Step 1 is to get a prospect to buy, therefore becoming a customer. Step 2 is retaining that customer for long term profitability. That can be done in many ways, but they basically boil down to giving the customer a good experience and not giving the customer a reason to look elsewhere. One could argue that these are one in the same.

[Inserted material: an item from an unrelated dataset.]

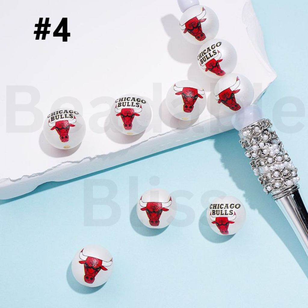 USA America Basketball Teams Chicago Bul NB Sports Frosted Matt White Round Acrylic Beads, Random Mix, 16MM
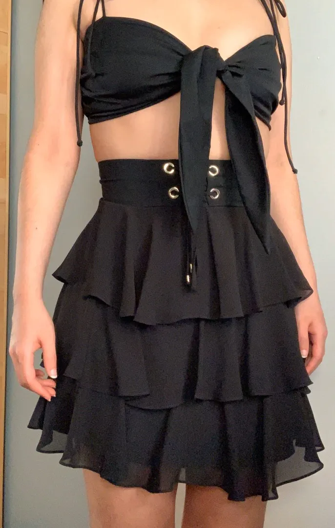Description from Marciano: Chiffon skirt. High rise, sits at natural waist. Tiered ruffle design. Contrast crepe-woven waistband with lace-up detail. Side zipper closure. Lined. Measures approximately 19.5" from waist to hem Shell, contrast and lining: 100% P Fits true to size.

So I buy an iPhone. And then I buy an iPad because my iPhone works well. I buy some apps. They work well and they have a similar interface. And they work almost the same on my iPhone and iPad. Cool. I’m happy. No reason to look elsewhere but if I do, I find that things aren’t as smooth as I’m used to and I might have to deal with multiple vendors. Then I buy a Mac, because it’s made by the same folks who made my other devices. And I’m hooked. As long as the ecosystem that I now have continues to handle my needs in a reasonable way, I’m not going anywhere. The inertia gained over time is difficult to overcome. Things have to become really bad before I consider a change.
Sound familiar? Maybe you started with a Mac and then picked up an iPhone. The sequence doesn’t matter. It’s the end result. It’s quite possible that this could happen with an Android or Windows device, but the complete ecosystem isn’t there and it’s harder to gain that inertia that keeps customers from leaving. Bob
Bob is so much better at this stuff than me.